By executing a scenario discovery analysis, we are planning to find uncertain futures where the resulting values are undesirable, given that no policy is implemented yet. 

To find scenarios in which these outcomes perform poorly, the Patient Rule Induction Method (PRIM) is used, which is incorporated in the EMA workbench.
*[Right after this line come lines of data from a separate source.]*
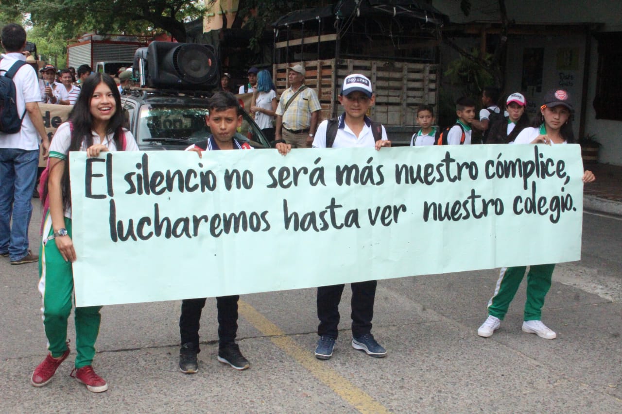 Una lucha que no cesa. Estudiantes, padres de familia y docentes de la Institución Educativa Santa Rita, se trasladaron desde Aipe hacia Neiva, exigiendo se dé inicio a la culminación de las obras de la sede central de dicho colegio.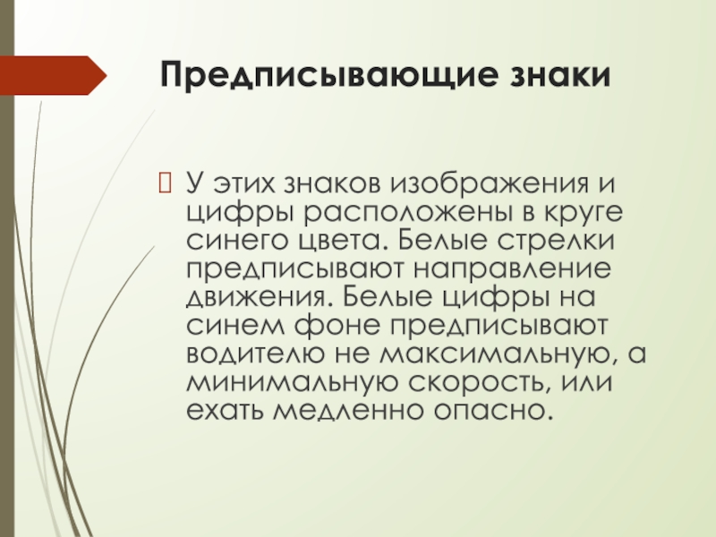 цвета. Белые стрелки предписывают направление движения. Белые цифры на синем фоне предписывают водителю не максимальную, а минимальную скорость, или ехать медленно опасно.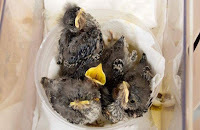 Baby Mockingbirds (photo by Deb Davis Nevin)While this is a perfect read aloud that will have children reciting along, it also does have some good information on nest building for young birders right as nesting season starts. And the illustrations of baby birds waiting to be fed is spot on: they are all bright yellow mouth!Parents and teachers should also visit Fleming's website for activities related to the book, including a really cute baby robin mask that will have the kids looking like baby birds. There is also a teacher's guide available.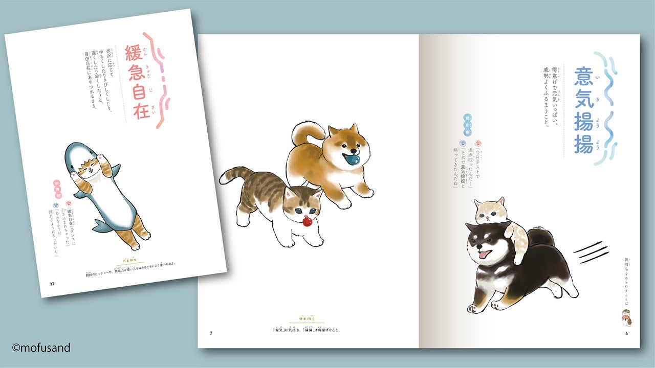 さらに、熟語の「意味」のほか、「使用例」を入れているので、実際に使用する状況をイメージしながら、かわいいmofusandのもふもふにゃんこたちといっしょに、楽しく学ぶことができます。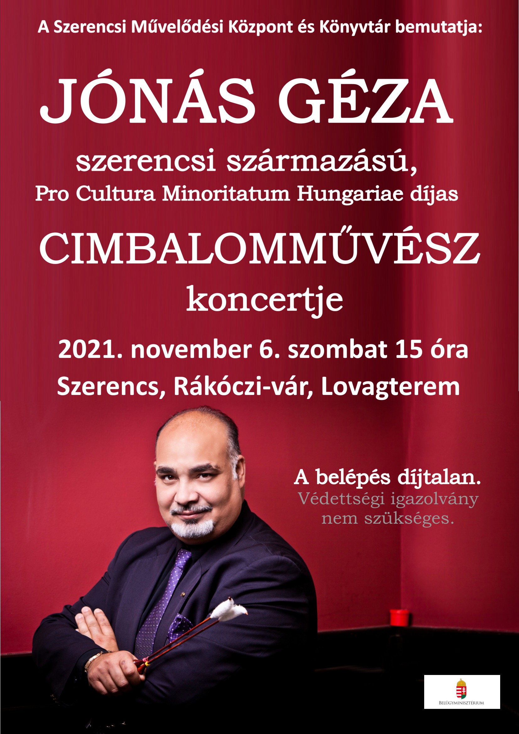 A szerencsi származású Jónás Géza cimbalomművész ad koncertet 2021. november 6-án, szombaton 15 órától a szerencsi Rákóczi-vár lovagtermében. A belépés díjtalan.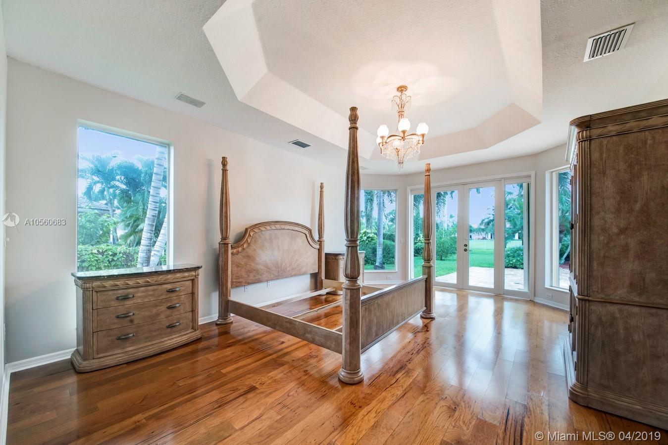 Great location in prestigious gated community of Westridge, 24 hour guarded entry. Corner unit on over an acre of land. Cherry wood cabinets with granite countertops and island cooktop. 6 bedrooms, currently used as a 4 bedroom + den and a media/game room with private entrance. Master retreat with built out closet. Neutral tile throughout living areas and hardwood floors in bedrooms. Heated pool and spa with travertine marble decking. Tropical landscaping with sand volleyball court. Accordion shutters on windows.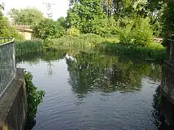 The millpool and stream. The West Anglia Main Line railway bridge is in background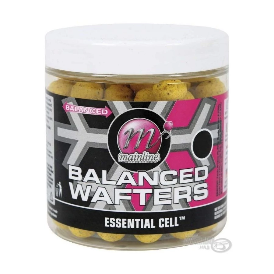 A Mainline High Impact Balanced Wafters 15mm/18mm Essential CellTM - kikönnyített horogcsali 15 vagy 18mm-es kiszerelésben, több ízben és színben kapható. A dupla erősségű íze és a kikönnyítésnek köszönhetően egész évben kiválóan alkalmazható, még a hideg téli hónapokban is életre kelnek. Az új “Wafter” horogcsaliaink úgy lettek fejlesztve és tesztelve, hogy a modern pontyhorgásznak megadjuk a lehetőséget arra, hogy gyorsan és könnyen egy tökéletesen kibalanszírozott horogcsalit tudjanak bevetni. Egyszerűen húzza a csalit a hajszálelőkére és már a szerelék súllya elég arra, hogy a Waftert tökéletesen kibalaszírozza. Ezek a csalik a High Impact sorozat aroma anyagjaival és adalékaival lesznek gyártva - az eredmény egy magas minőségű nagyon attraktív horogcsali.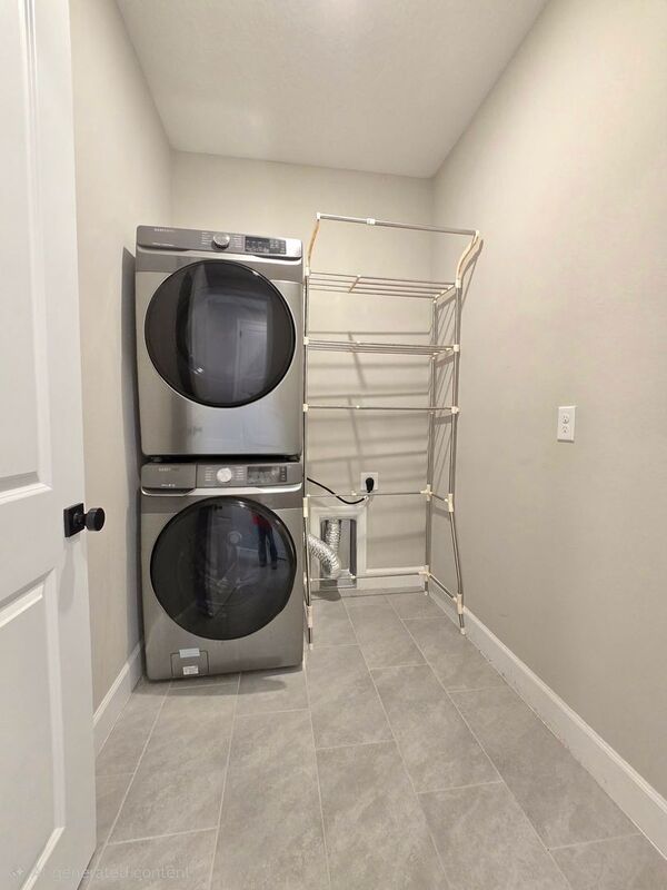 The gorgeous kitchen features a large center island, stainless steel appliances, and ample storage—ideal for both everyday living and entertaining. A washer and dryer are included for tenant convenience.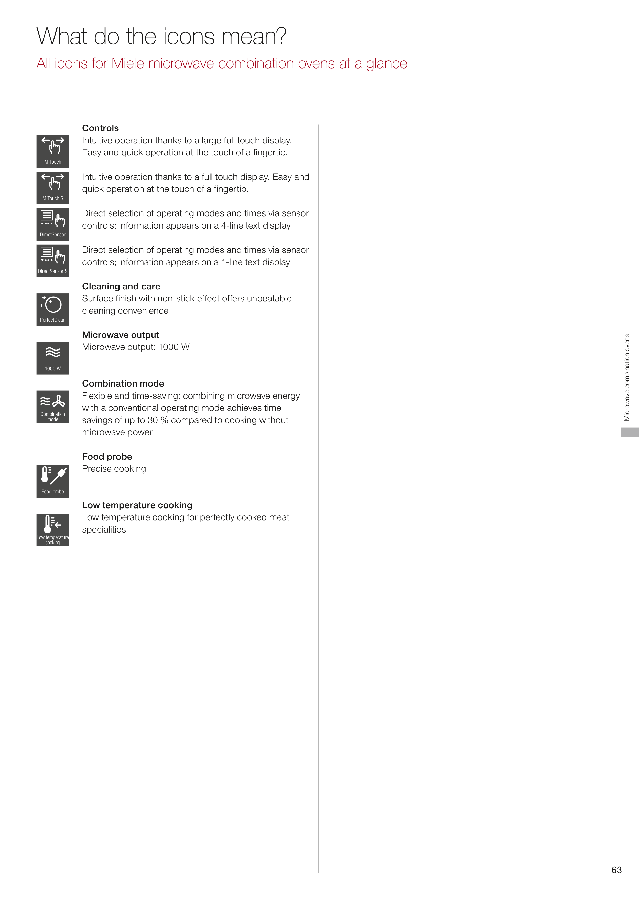 All icons for Miele microwave combination ovens at a glance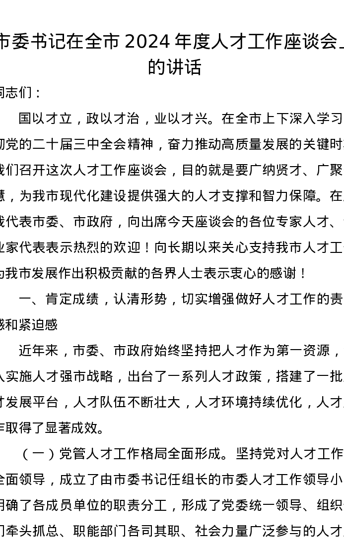 市委书记在全市2024年度人才工作座谈会上的讲话

Originally designed by Friedman & Fisher (1999), PRIM is a technique that iteratively narrows down the uncertainty space until boxes are found that form a good trade-off between coverage (what fraction of the total outcomes of interest are in the box) and density (what fraction of all cases in the box are actually of interest).

**Undesirability** - to be updated

Undesirability is in this case defined as being in the 66.6th percentile of outcomes, meaning that scenarios in which deaths, damage and variance of damage between locations are all in the upper 33.3% of their range are sought.  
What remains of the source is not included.